#### PROMPT
Pictures in the listing below are skipped, while the lines from the "Ερντογάν θα πει" line through the "履き口は伸びの良いゆったり口" line are returned word for word.

#### DATA
•••••
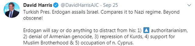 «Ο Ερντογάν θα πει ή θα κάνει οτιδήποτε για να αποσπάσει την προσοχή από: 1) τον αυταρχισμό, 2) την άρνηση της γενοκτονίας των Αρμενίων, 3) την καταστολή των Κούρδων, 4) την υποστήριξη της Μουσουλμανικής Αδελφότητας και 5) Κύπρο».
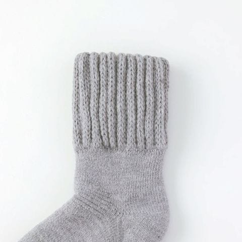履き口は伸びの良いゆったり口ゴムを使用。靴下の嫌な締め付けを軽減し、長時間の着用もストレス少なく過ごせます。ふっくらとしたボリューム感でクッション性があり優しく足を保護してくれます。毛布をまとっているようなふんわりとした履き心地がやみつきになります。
•••••
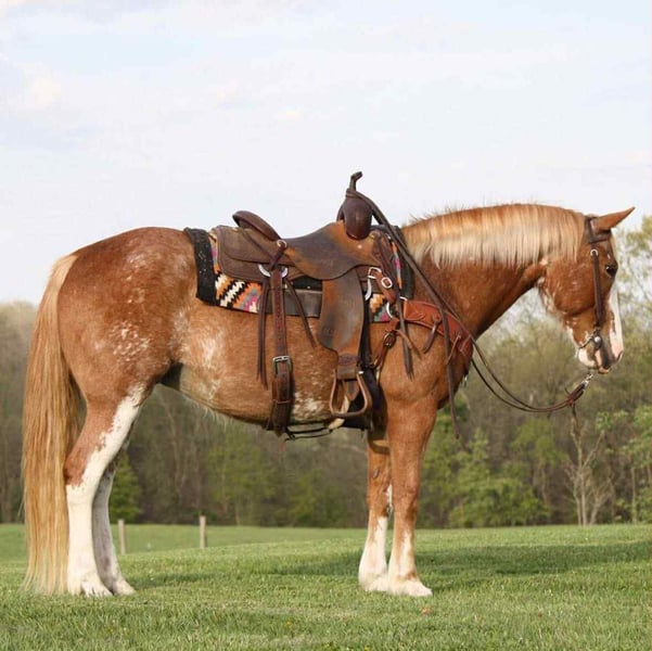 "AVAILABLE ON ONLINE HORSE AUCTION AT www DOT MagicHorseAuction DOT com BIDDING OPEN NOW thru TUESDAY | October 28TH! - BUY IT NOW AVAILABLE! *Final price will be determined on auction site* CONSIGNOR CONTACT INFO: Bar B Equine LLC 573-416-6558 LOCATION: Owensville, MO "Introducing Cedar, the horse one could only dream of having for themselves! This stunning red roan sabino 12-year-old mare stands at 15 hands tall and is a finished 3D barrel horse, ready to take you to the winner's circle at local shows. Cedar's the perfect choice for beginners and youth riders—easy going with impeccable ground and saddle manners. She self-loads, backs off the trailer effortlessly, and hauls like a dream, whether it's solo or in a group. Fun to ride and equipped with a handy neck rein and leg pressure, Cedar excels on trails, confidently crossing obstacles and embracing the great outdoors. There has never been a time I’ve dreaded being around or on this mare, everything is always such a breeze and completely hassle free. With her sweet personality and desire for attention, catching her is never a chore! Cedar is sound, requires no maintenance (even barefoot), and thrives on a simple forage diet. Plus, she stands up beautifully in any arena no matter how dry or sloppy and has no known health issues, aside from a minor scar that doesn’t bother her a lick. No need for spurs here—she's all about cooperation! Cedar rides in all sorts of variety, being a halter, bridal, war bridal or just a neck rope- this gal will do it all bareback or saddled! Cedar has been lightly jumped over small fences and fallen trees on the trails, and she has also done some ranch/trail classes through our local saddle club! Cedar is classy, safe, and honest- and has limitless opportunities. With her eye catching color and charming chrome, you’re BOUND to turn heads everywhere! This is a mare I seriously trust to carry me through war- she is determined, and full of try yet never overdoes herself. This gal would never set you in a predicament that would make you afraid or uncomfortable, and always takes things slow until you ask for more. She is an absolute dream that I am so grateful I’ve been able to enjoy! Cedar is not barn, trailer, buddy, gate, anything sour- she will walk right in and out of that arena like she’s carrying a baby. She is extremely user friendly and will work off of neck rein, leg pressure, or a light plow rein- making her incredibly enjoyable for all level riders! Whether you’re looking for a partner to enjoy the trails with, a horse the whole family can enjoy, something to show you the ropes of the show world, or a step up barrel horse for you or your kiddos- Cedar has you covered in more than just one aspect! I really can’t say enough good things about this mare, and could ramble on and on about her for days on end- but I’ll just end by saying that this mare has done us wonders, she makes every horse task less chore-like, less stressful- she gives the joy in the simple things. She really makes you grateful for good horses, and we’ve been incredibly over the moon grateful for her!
•••••
#### RESPONSE TO THE TASK
 «Ο Ερντογάν θα πει ή θα κάνει οτιδήποτε για να αποσπάσει την προσοχή από: 1) τον αυταρχισμό, 2) την άρνηση της γενοκτονίας των Αρμενίων, 3) την καταστολή των Κούρδων, 4) την υποστήριξη της Μουσουλμανικής Αδελφότητας και 5) Κύπρο».
履き口は伸びの良いゆったり口ゴムを使用。靴下の嫌な締め付けを軽減し、長時間の着用もストレス少なく過ごせます。ふっくらとしたボリューム感でクッション性があり優しく足を保護してくれます。毛布をまとっているようなふんわりとした履き心地がやみつきになります。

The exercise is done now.